TASK GOAL:
Please retype, word for word, the line containing "High quality materials" and every line after it through the end of the records, leaving out all pictures.
+===+
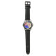 Eine Uhr mit farbenfroher Hintergrundfarbe.
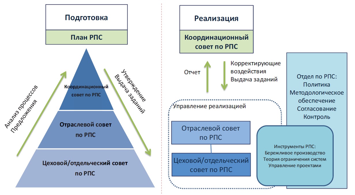 Управление «Планом РПС» осуществляется Координационным советом по развитию производственной системы предприятия под председательствованием первого заместителя генерального директора – заместителя генерального директора по научно-технической стратегии. Членами Координационного совета развития производственной системы предприятия являются ТОП-менеджеры и главные специалисты предприятия. Координационный совет ежемесячно проводит рассмотрение хода реализации плана РПС, на котором утверждаются корректирующие действия по реализации мероприятий, выдаются задания по проведению анализа процессов с последующим рассмотрением предложений по улучшениям для включения в план РПС. Укрупненно схема управления «Планом РПС» представлена на рис. 2.
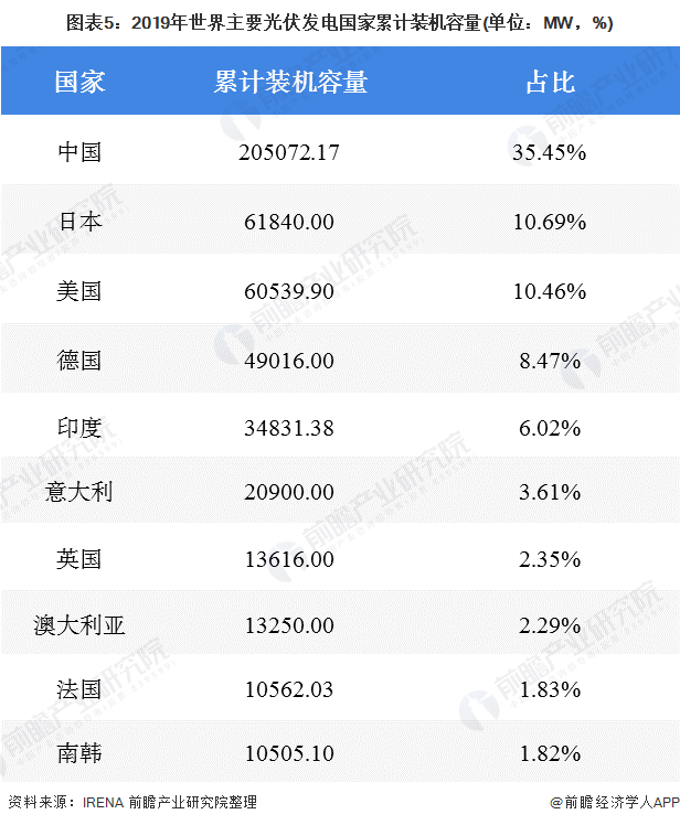 根據(jù)國際可再生能源機(jī)構(gòu)(IRENA)數(shù)據(jù)顯示,從國家來看,2019年世界主要光伏發(fā)電國家累計(jì)裝機(jī)容量中前三分別為:中國、日本、美國。合計(jì)占比達(dá)到56.6%,其中中國占全球比重為35.45%。
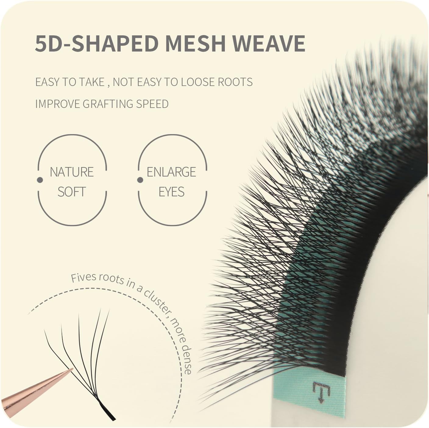High quality materials can maintain the C/D/L/LU curl of eyelashes for more than two years.Prefabricated 5D fan-shaped eyelashes, with very standard thickness and curl.
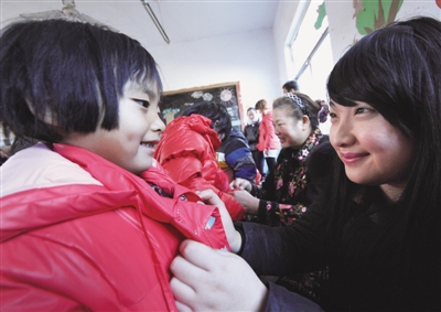 11月27日,由山东广播电视台主办、山亭区团委和义工协会协办的2013 “暖冬行动”在徐庄镇光彩幼儿园启动。爱心单位和人士为40多名山里娃赠送了羽绒服和学习用品,并安装了一套取暖设备,确保孩子们在温暖的教室里读书学习。图为爱心人士为小朋友试穿羽绒服。 (李宗宪 李刚 摄)
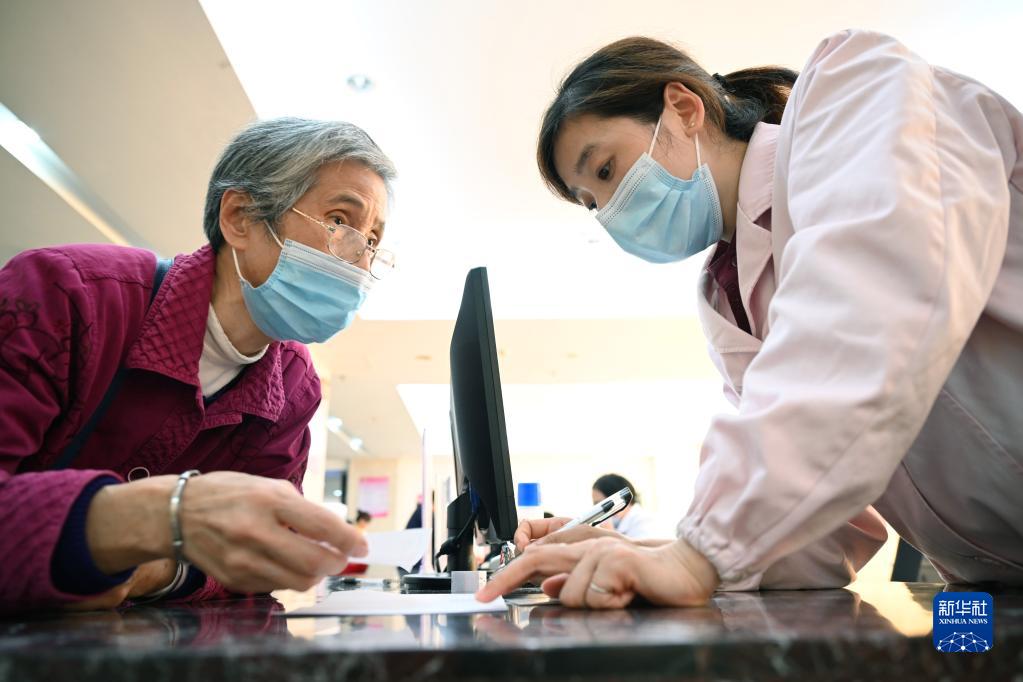 福建省三明市第一醫(yī)院的醫(yī)保辦工作人員(右)向前來咨詢藥品報銷問題的居民講解相關政策(2020年11月18日攝)。 新華社記者 姜克紅 攝
+===+
SOLUTION BELOW:
High quality materials can maintain the C/D/L/LU curl of eyelashes for more than two years.Prefabricated 5D fan-shaped eyelashes, with very standard thickness and curl.
 11月27日,由山东广播电视台主办、山亭区团委和义工协会协办的2013 “暖冬行动”在徐庄镇光彩幼儿园启动。爱心单位和人士为40多名山里娃赠送了羽绒服和学习用品,并安装了一套取暖设备,确保孩子们在温暖的教室里读书学习。图为爱心人士为小朋友试穿羽绒服。 (李宗宪 李刚 摄)
 福建省三明市第一醫(yī)院的醫(yī)保辦工作人員(右)向前來咨詢藥品報銷問題的居民講解相關政策(2020年11月18日攝)。 新華社記者 姜克紅 攝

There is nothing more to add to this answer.